Dear Starshine,

I have a family history of ovarian cancer, and my physician recently offered to do a blood test to determine if I have the marker (CA-125) found in ovarian cancer cells. I declined. Although it would certainly be a relief if I didn't have the marker, what would I do if I did? Wait while my anxiety soaked my ovaries in a cancer bath? Or am I being irresponsible?

When family history puts you at high risk of developing cancer, you can go one of two ways: Tell yourself that you refuse to live in fear while you're secretly living in fear, or go all Angelina Jolie on its ass.

Jolie, whose mother and aunt both died young of cancer, said she underwent her recent double mastectomy to reduce her risk of developing breast cancer from 87 percent to five percent. Some celebs tweeted that she was brave to do it. Interestingly, breast cancer survivor Melissa Etheridge called Jolie's decision "fearful."

Terror and courage aren't mutually exclusive, though. In fact, what good would bravery be without fear?

I trust you've done the requisite Googling on this, as I now have. I'm sure you know that this blood test isn't widely recommended because it can yield false positives that freak everyone out unnecessarily — and even false negatives, which make it a pretty lousy test.

But it's still the best predictor of ovarian cancer, and it is recommended for women with a family history of the disease. That's because — and here's why you should be proactive — ovarian cancer is hard to catch in its early stages. Routine pelvic exams and Pap tests won't detect it until it's further along than you'd want it to be for a great prognosis.

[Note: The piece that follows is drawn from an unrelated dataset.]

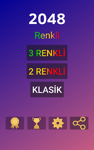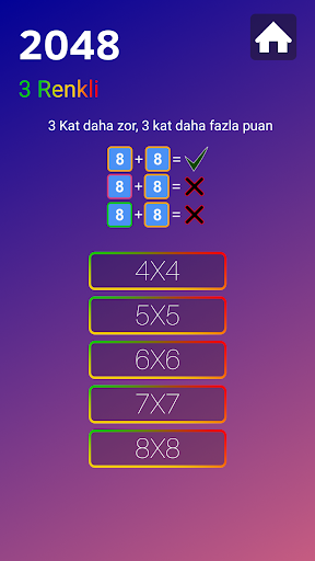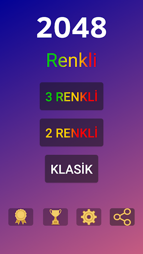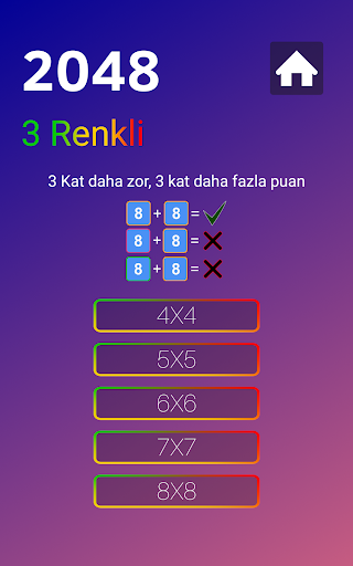 2048 Renkli'de 4x4, 5x5, 6x6, 7x7 ve 8x8 olmak üzere beş farklı zorluk seviyesine sahip 3 Renkli, 2 Renkli ve Klasik seçenek bulunmaktadır.

Can you learn from how the other women in your family discovered the disease? Do you have other people — say, kids or a spouse — whose interests you should consider when deciding your approach?

It's your life, they're your ovaries, and you may very well never get cancer. Let's both say that again, aloud: You may very well never get cancer. But if you don't, it won't be because you ignored the possibility.

You fear that if the marker shows up, you'll make yourself sick with worry — but you're already worried. (Relaxed people tend not to write into advice columnists or type the phrase "soaked my ovaries in a cancer bath.")

Trust me when I tell you I've never quoted Angelina Jolie in my life, I'm unlikely to do so ever again, and I don't know what I would have done in her situation. But something she wrote about her decision struck me as wise, and I hope you'll think about it:

Life comes with many challenges. The ones that should not scare us are the ones we can take on and take control of.


Dear Starshine,

I've been with my boyfriend for a year and a half. We started dating and moved in together when I was 17. I finished high school and some college, but six months ago I ran out of money, and he was laid off from work. My parents recently offered me not only full tuition but also a car if I break up with him and move in with them, which my boyfriend said was "selfish to even think about." Our breakup has been a long time coming, but… do I simply pack my things and say "peace out"? Despite the fact that my best interests are in mind (I've got almost no chance of getting back into school while being in a relationship with him), he and I have an attachment and I don't let go of those easily. But I also know that being on the fast train out is better than making plans to leave and never doing so. What do I do?

Do I have this right? You move in with your boyfriend before you're even old enough to open a bank account in your own name. You blame him for your own failure to return to school. You need to be bribed in order to extricate yourself from a relationship that you believe is not in your best interest. You feel the car is worth mentioning here. And you fully admit that you might "make plans to leave" him but never follow through.

If your parents are offering you full tuition to junior high, then I really think you should take it. But college? Oh, sweetie, no. You have too many other things to learn first. Starting with these:

People don't run out of money; they fail to budget. Attachments aren't supposed to be easy to let go of; that's why they call them "attachments." And good decisions aren't made based on how easily they are achieved.

Be smart. Move out. Grow up. And don't take any money for doing it.